Campus: CSU Long Beach -- September 14, 2001

U.S. Secretary of Education Paige Lauds Long Beach Education Partnership

U.S. Secretary of Education Rod Paige traveled to Long Beach on Friday, Sept. 7, to see first-hand the shared successes of California State University, Long Beach and Bret Harte Elementary School, which work together under the seamless education initiative of the Long Beach Education Partnership.

The visit to Bret Harte was one of several Paige will make on his cross-country "Back to School, Moving Forward" tour to promote school accountability through family, school and community activity.

In addition to spending time with children in their classrooms and at an all-school spirit assembly, he participated in a roundtable discussion with key partnership participants including U.S. Congressman Steve Horn, California State University Chancellor Charles Reed, CSULB President Robert Maxson, Long Beach Unified School District Superintendent Carl Cohn, Bret Harte School Principal Diane Brown and Teacher Specialist Patti Nagano.

The partnership between the university and the school includes several teacher education students working with experienced teachers in the classroom as part of earning their own credentials. The university also offers specialized training to the school's teachers. Paige pointed to Bret Harte School's accomplishments as indicative of the overall effectiveness of the Long Beach Education Partnership in helping children succeed in the classroom. "The seamlessness of your system is something America should really pay attention to and I want to congratulate you on that."

According to Cohn, the district and university have focused on better preparation of teachers and improving the quality of teaching and teacher development. Pointing to increases in reading and math scores over the past four years at the school, Cohn stated, "SAT 9 results confirm we do an outstanding job."

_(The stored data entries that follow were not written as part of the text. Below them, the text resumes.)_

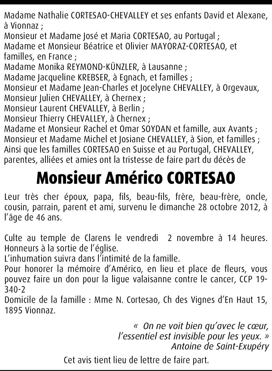 ce matin cette nouvelle qui m'attriste tout particulièrement tellement je considérais Rico comme un Grand Ami avec lequel nous avons travaillé et nous nous sommes appréciés pendant pendant plus de dix ans. Je suis ému et aurai toujours un pensée pour lui, pour toi et pour tes enfants. Je me joints à ton deuil et te présente toutes mes condoléances et espère que tu vas être forte pour un homme qui l'était. Si tu as besoin de quelque chose, je suis atteignable au 079/ 371 95 71.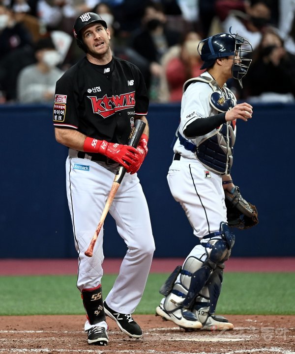 17일 서울 고척스카이돔에서 ‘2021 신한은행 SOL KBO리그’ KT 위즈와 두산 베어스의 한국시리즈 3차전 경기가 열렸다. 6회초 무사 만루에서 KT 호잉이 삼진 아웃으로 물러나고 있다.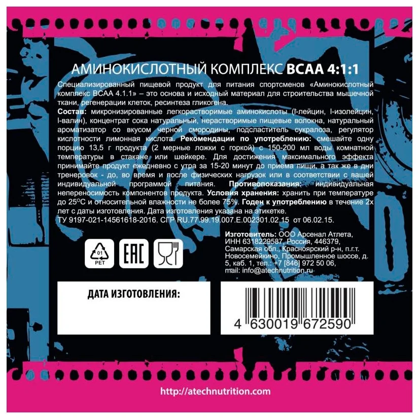 Аминокислотный комплекс BCAA 4:1:1 aTech Nutrition, порошок, Афро-Смородина 300 г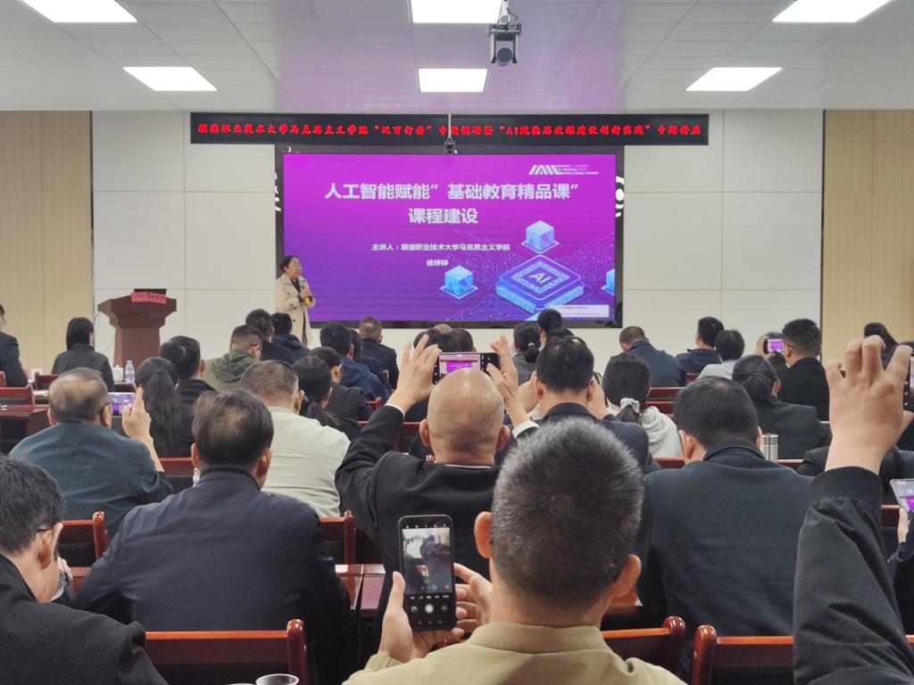 在专题讲座环节,德法教研室主任徐婷婷副教授以“AI赋能‘基础教育精品课’课程建设”为主题,结合前沿教育技术与一线教学经验,重点围绕“‘基础教育精品课’建设、AI在精品课建设中的应用、AI赋能精品课建设实操”三个维度展开系统讲解。讲座中,徐教授既从理论层面深入阐释了AI技术破解思政课“内容抽象难感知、形式单一缺互动”等传统教学痛点的底层逻辑,又结合教学实际场景,通过具体案例拆解各类 AI工具在日常教学设计、课件优化、学情分析中的应用方式;尤其针对“基础教育精品课”申报过程中素材整合、教学设计、呈现形式等关键环节的难点问题,提供了针对性解决方案,并现场演示了各类AI工具的应用。这场专题分享为云安区思政教师打开了技术赋能教学的新视野,推动思政教育从“传统课堂”向“智能增效”转型,为思政课内涵式发展提供了可复制、可推广的创新思路。

Maxson noted that one benefit to the program is that aspiring teachers learn the realities of teaching in an urban classroom before earning their credentials. "There are no shortcuts," he said, "just roll up your sleeves and course by course, make sure children are learning what they need."

Reed discussed CSU's role in teacher preparation in California, already preparing 60 percent of the state's teachers and planning to increase teacher numbers by some 15,000 next year. Considering the state's increasing demand for qualified instructors, Reed said, "We need more teachers who look like their students. The only place I know where we can recruit these teachers is in the classroom."

Paige was particularly complimentary of the shared commitment of teachers, administrators and community members to include themselves as part of the solution to improving schools.

Referencing President George W. Bush's "Leave No Child Behind" education reform plan, Paige said, "If a school changes and becomes really productive, it will be because of the people who walk around in the building. It will not do so because of the people who walk the halls of Congress. We must provide the resources to help the people in the building get the job done."